■成長戦略
フェイスネットワークは中期経営計画「NEXT VISION 2029」を策定しており、「東京に真の不動産価値を届ける」をミッションに掲げ、「真の不動産価値」の創造を軸に事業を拡大する方針である。物件価値、オーナーにとっての価値、入居者にとっての価値、さらには社会に向けた価値を創出し続けるため、新たな挑戦を継続する考えである。具体的な収益性指標としては、2029年3月期に売上高50,000百万円、経常利益7,500百万円を計画している。また、中期経営計画の期間を通じてROE30%以上を維持する方針であり、高い資本効率を重視した経営を継続する。加えて、配当性向35%以上を目標とし、新たに累進配当を導入することで株主還元の強化も進める。

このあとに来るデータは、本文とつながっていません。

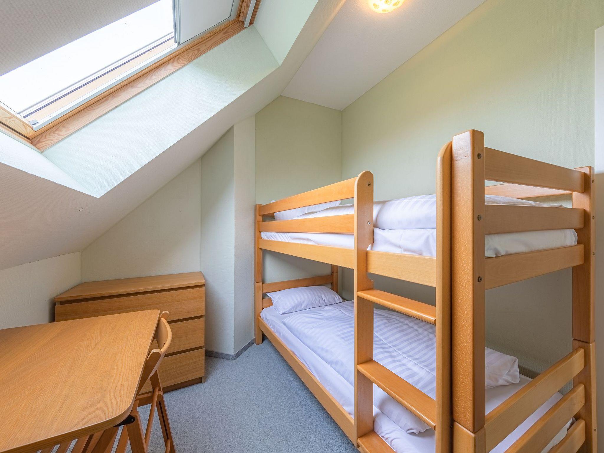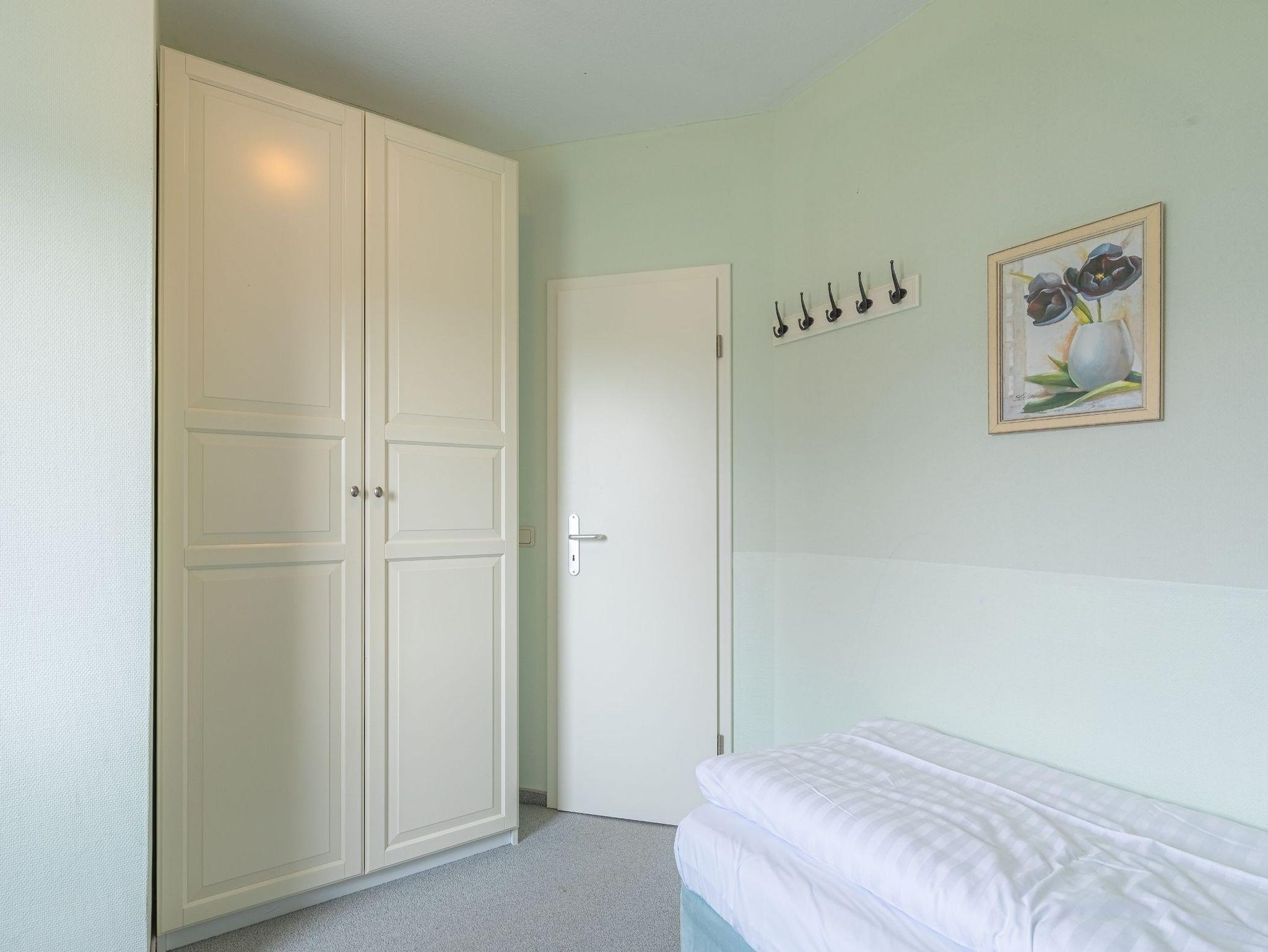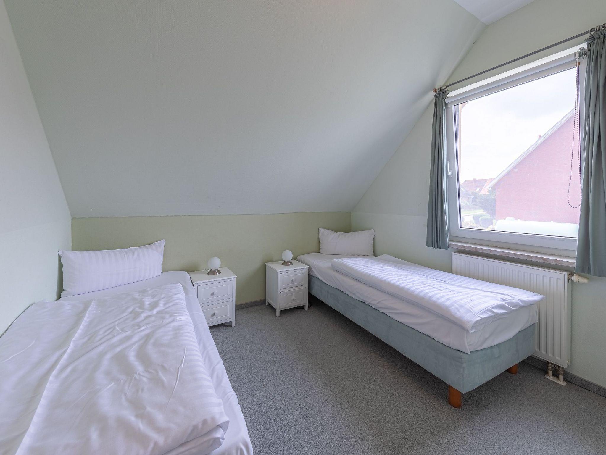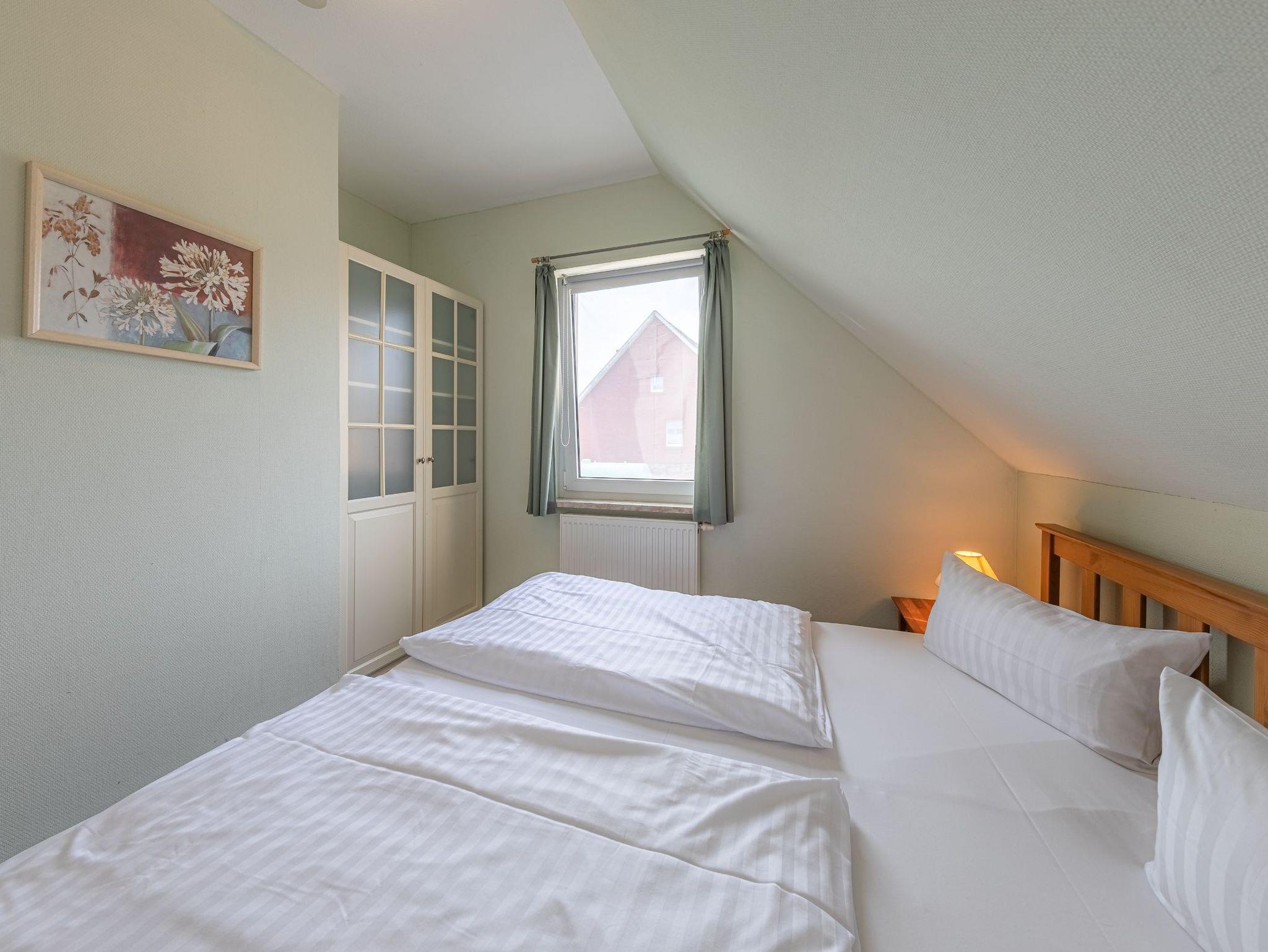 Im Obergeschoss befinden sich drei Schlafzimmer sowie das Bad mit Dusche und WC. Neben einem Zimmer mit Doppelbett sowie einem Zimmer mit einem Etagenbett können die Betten im dritten Raum entweder einzeln oder aber als Doppelbett gestellt werden. So bietet das Ferienhaus Kornblume an der Müritz Platz für 6 Personen.
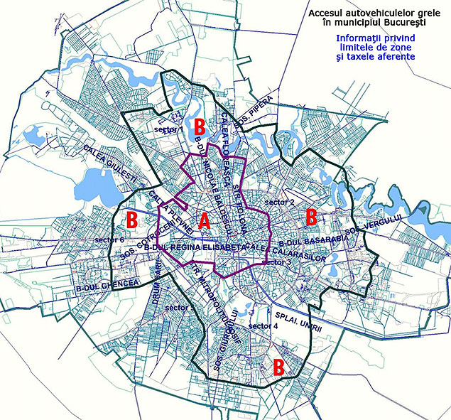 Zona A= Bd. Dacia, Str. Traian, Str. Nerva Traian, Bd. O.Goga, Pasaj Mărăşeşti, Bd. Mărăşeşti, Str. Mitropolit Nifon, Bd. Libertăţii, Calea 13 Septembrie, Şos. Pandurilor, Şos. Grozăveşti, Şos. Orhideelor, Bd. Dinicu Golescu, Piaţa Gării de Nord, Calea Griviţei, Şos.

KPIとしては、年間竣工棟数25棟、物件平均単価19億円、売上総利益率25%以上を掲げている。開発棟数の拡大と大型化を推し進めながら、高付加価値物件の提供による高収益体制を維持する方針である。
(1) 成長戦略基本方針
同社は、独自のビジネスモデルを軸に、ビジネスサイクルを高効率で回転させる成長戦略を推進する。新築一棟RCマンションを中心に、城南3区を重点エリアとし、開発から設計、施工、販売、管理までを一貫して行うワンストップサービス体制の強みを生かし、企業価値の持続的な向上を目指す方針である。
今後は、年間40~50棟のプロジェクト進行を目指し、開発棟数及び物件規模の拡大を進める。また、物件価値の最大化に向け、唯一無二のデザイン性や居住性に加え、「住むだけで健康になれる体験価値」を備えた空間づくりを推進し、モノづくりへのこだわりを強化する。さらに、営業、施工、デザイン部門を中心に優秀な人材の確保と育成を進めるほか、金融機関との連携強化や新ブランド展開による販売力・ブランド力向上にも取り組む。加えて、セールスプロモーションやブランド認知向上施策に注力する。
(2) 高効率経営の推進
2026年3月期のROEは32.4%であった。純利益率は10.9%を確保しており、唯一無二の物件価値の創出や、ワンストップサービスによるコスト抑制力、さらに高い入居率と安定した収益実績を背景とした価格決定力などが、収益性の向上につながっている。また、総資本回転率は1.02回転となった。中低層物件の開発による短い開発期間や、開発から販売までを一貫して手掛ける体制が生み出す開発スピードが、高い資本効率を支えている。財務レバレッジは2.9倍であり、自己資本比率30%以上を維持しながら、約30行の金融機関との安定した取引を背景に、借入金を有効に活用した財務運営を行っている。中期経営計画「NEXT VISION 2029」の期間においても、ROE30%以上、純利益率10%前後、総資本回転率1回転前後、財務レバレッジ3倍前後の水準を維持しながら、2029年3月期に経常利益を7,500百万円へと拡大する方針である。